* [TASK OBJECTIVE] From the line that contains "KB-703 Kuback Bej" through the closing line of the entries, write out each line exactly; pictures stay out.

* [THE RECORDS]
------------

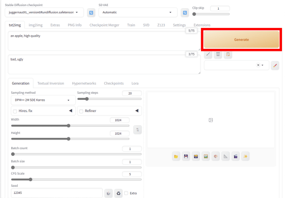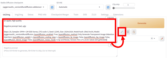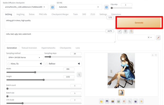 그러면 프롬프트, 샘플러, 스텝 수, 해상도 등의 설정이 자동으로 조정됩니다. 그 후 "Generate"를 클릭하여 이미지 생성을 시작합니다.
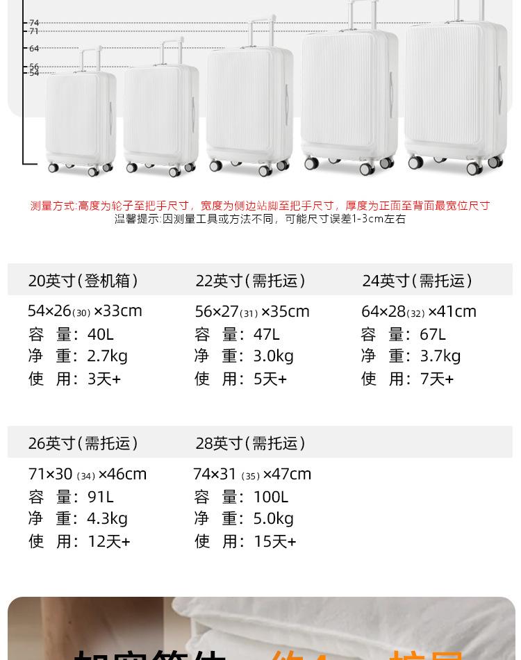 20inch (side opening model + expansion layer opening is equivalent to 22inch ), 24inch (side opening model + e...
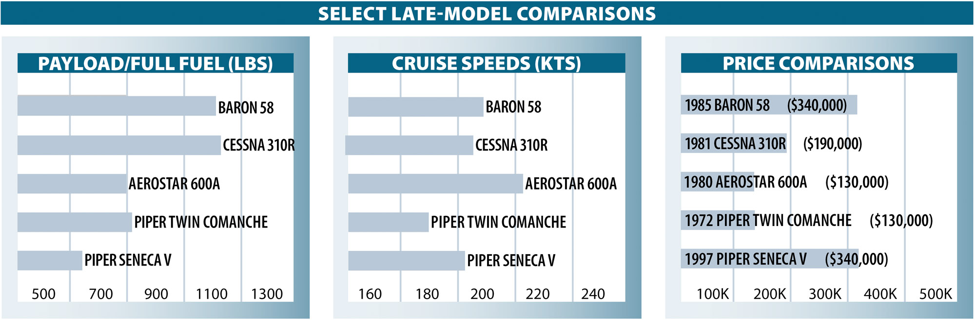 As light twins go, all of the 58s have comparatively good payload with full fuel. A typically equipped older 58, with auxiliary fuel giving a total of 166 gallons usable, can lift 724.5 pounds and fly for approximately 5.5 hours at an intermediate power setting—a still-air range of just over 1000 NM—with IFR reserves. Newer 58s can carry six people (that’s FAA 170-pounders) and luggage roughly 600 nautical miles with reserves. A typically equipped 58P has a full-fuel payload of just over 700 pounds and a range at roughly 60 percent power of more than 1100 NM at either 15,000 or FL 250 (TAS is 201 at the lower altitude and a smoking 218 at the maximum of FL 250).
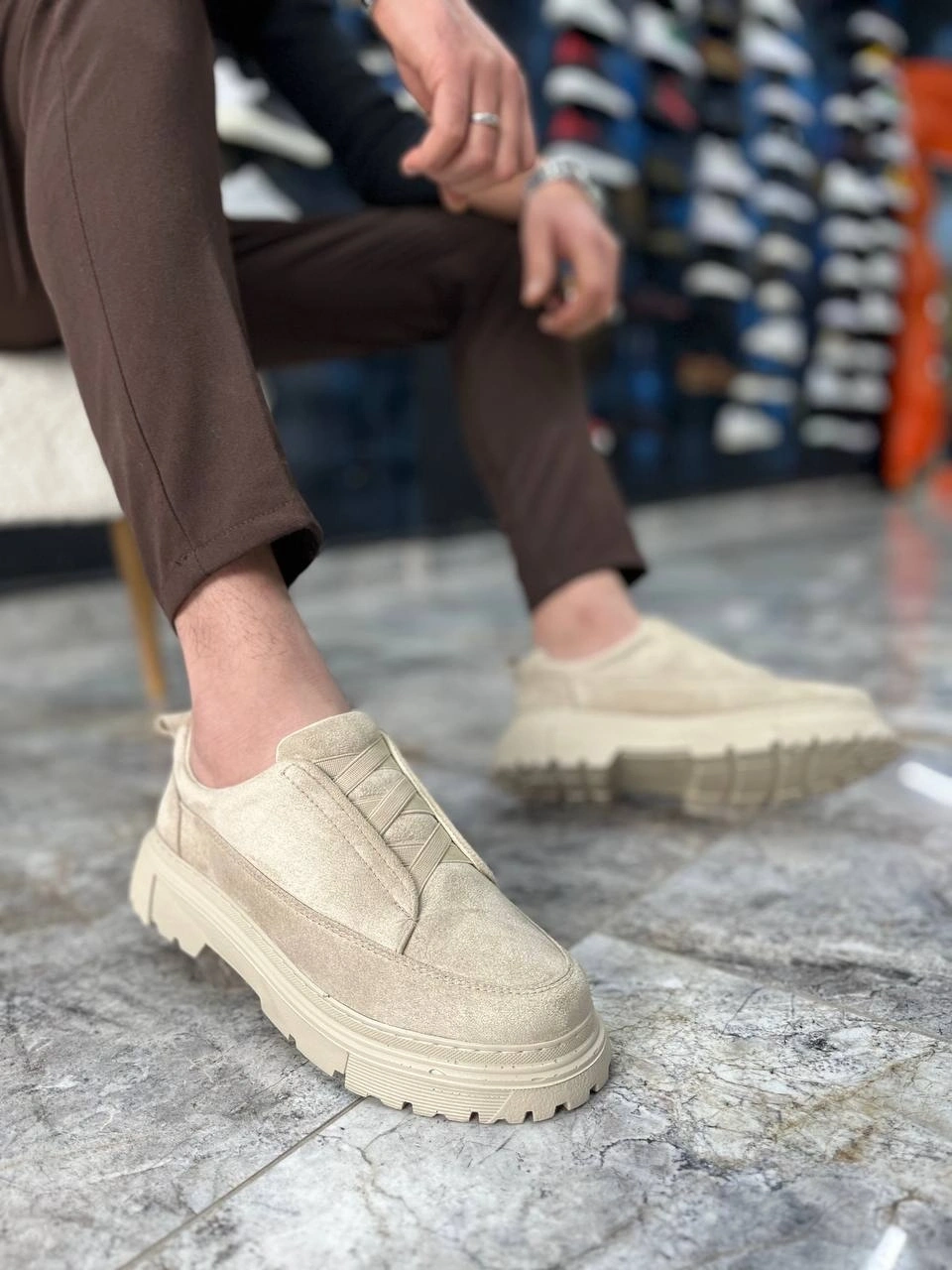 KB-703 Kuback Bej Süet Lastikli Günlük Erkek Ayakkabı
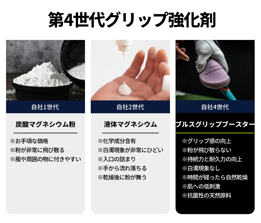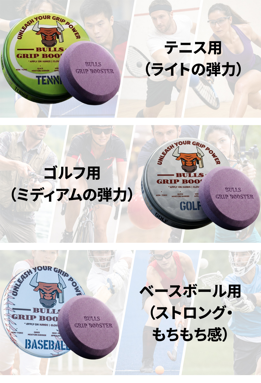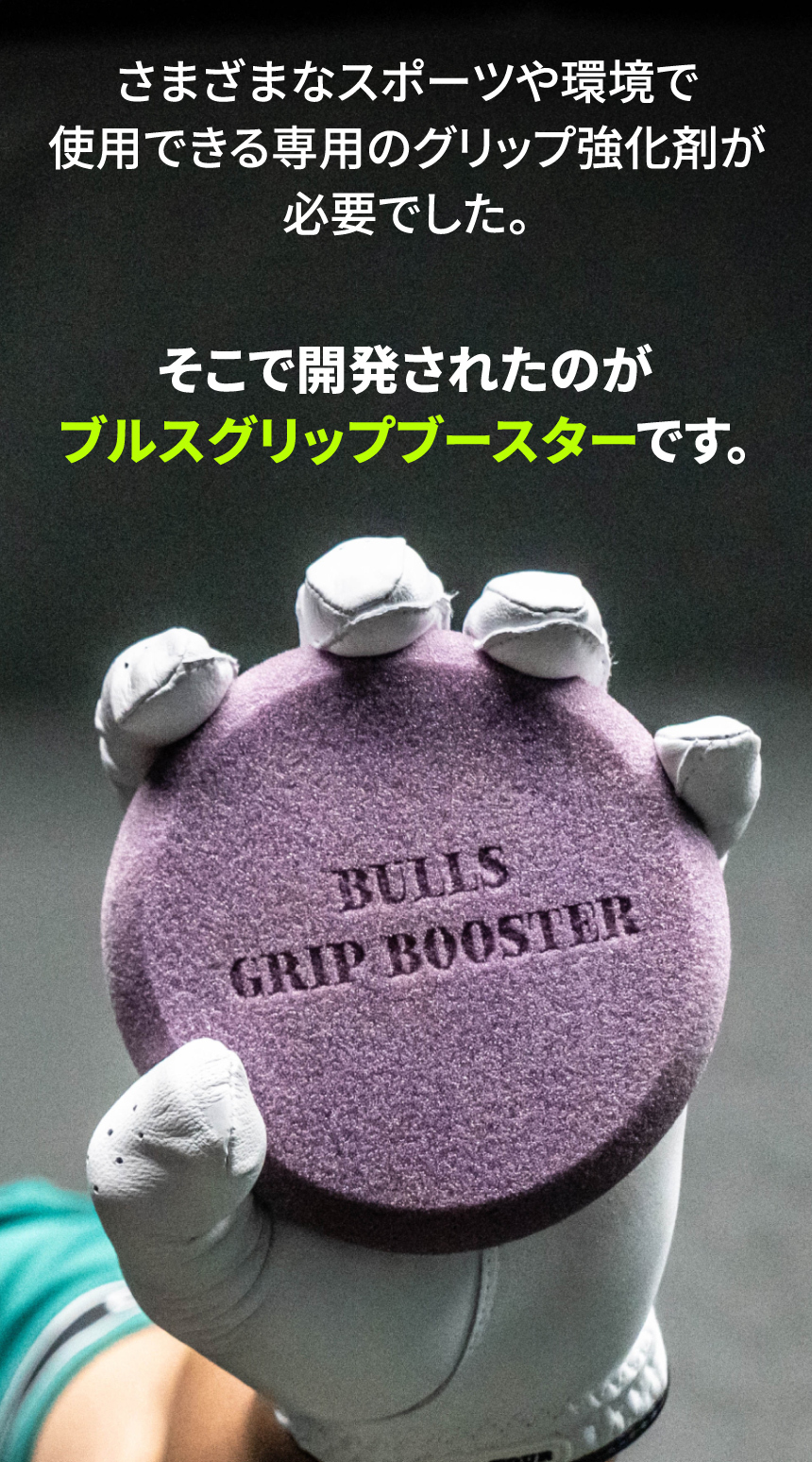 ブルスグリップブースターは独自のグリップ成分が汗や水分を素早く放出し、単に表面をコーティングするのではなく、滑りの原因を抱え込むように作用するため、時間が経っても「吸い付くようなもちもち感」が持続します。
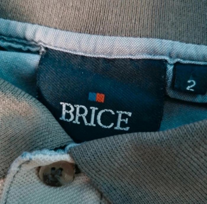 Polo rayé taille 2 marque Brice, longueur 67cm, largeur 54cm, longueur épaule à aisselle 20cm, largeur aisselle à aisselle 55cm, largeur épaule à épaule 44cm, (légère taches voir photo).

------------

* [EXERCISE OUTPUT]
 KB-703 Kuback Bej Süet Lastikli Günlük Erkek Ayakkabı
 ブルスグリップブースターは独自のグリップ成分が汗や水分を素早く放出し、単に表面をコーティングするのではなく、滑りの原因を抱え込むように作用するため、時間が経っても「吸い付くようなもちもち感」が持続します。
 Polo rayé taille 2 marque Brice, longueur 67cm, largeur 54cm, longueur épaule à aisselle 20cm, largeur aisselle à aisselle 55cm, largeur épaule à épaule 44cm, (légère taches voir photo).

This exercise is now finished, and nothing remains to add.